A heart rate monitor beeped steadily as the 1,000-pound zebra slept.
A cloth was draped over her eyes, and her head rested on a bale of hay. Dr. Jennifer D'Agostino asked for a status update.
“Heart rate's at 84,” veterinary technician Liz McCrae said. “She's taking nice, deep breaths.”/p>
When a Grevy's zebra has hoof trouble, finding and fixing the problem takes more than a quick checkup. Grevy's zebras are known for their aggressive nature.
“She could kill you if she kicked you,” said D'Agostino, director of veterinarian services at the Oklahoma City Zoo. “They're not domesticated. They're not used to being around people.”
Alleviating pressure on an injured hoof requires anesthesia and a team of experts.
A couple months ago, Zephra the zebra suffered laminitis, which is general inflammation in the hoof, D'Agostino said.
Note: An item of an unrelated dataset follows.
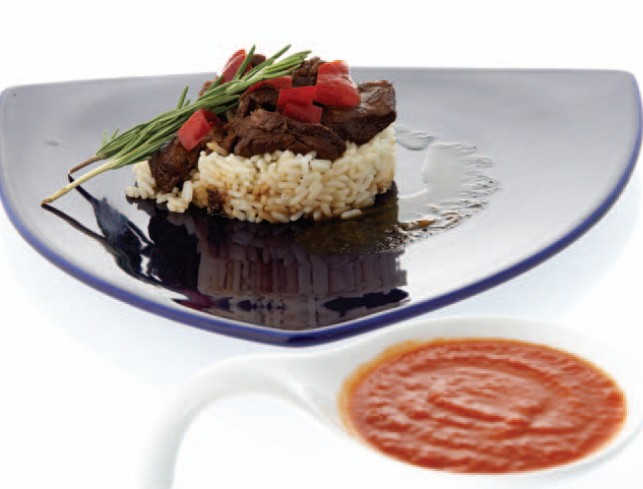 - Σοτάρετε σε κατσαρόλα το κρέας σε δυνατή φωτιά, για 5-7΄, χαμηλώνετε τη φωτιά και ρίχνετε μέσα το κρεμμύδι. Σοτάρετε για άλλα 5΄. Προσθέτετε την πιπεριά, το σκόρδο, το δεντρολίβανο και σοτάρετε άλλα 4΄-5΄.

Laminitis can be triggered by a host of causes: heat, a virus, diet. The zebra received a shoe to alleviate the pressure on her hoof.
But then she started walking with an abnormal gait. Keepers noticed her hoof was misshapen.
“She was trying to walk without her foot,” D'Agostino said. “She was trying to hop on three legs.”
A pocket of fluid was discovered inside her hoof, probably as a result of the laminitis, D'Agostino said. The abscess is dangerous because it's close to the bone inside Zephra's foot.
“There's no where for it to go or expand,” D'Agostino said. “It's building up pressure, pressure, pressure and it's excruciating pain.”
Zephra has been immobilized for hoof treatments four of five times, D'Agostino said. Her most recent treatment was Tuesday.
D'Agostino and her team were joined by farrier Dee Corley, who is based at Red Rock Stables in Oklahoma City. She's been the zoo's equine podiatrist for 16 years. Her tan, worn chaps are nearly twice as old.
Corley hunched over Zephra's front right leg and used a file to shave away bits of hoof.
“Look right here,” Corley said excitedly, pointing out imperfections to D'Agostino. “Right here. It's right here.”
D'Agostino wheeled in a portable X-ray machine and strapped on a full-length, leopard-print apron with lead lining. They propped the zebra's foot over the X-ray pad to snap the photos. After each shot, D'Agostino and Corley hunkered down in front of a computer screen and examined the black and white image.
Corley ground off about an inch of Zephra's hoof. Flies swarmed around a discarded bandage nearby.
After enough filing, poking and examining, Corley wiped sweat off her brow and dabbed the foreheads of the animal keepers to lighten the mood.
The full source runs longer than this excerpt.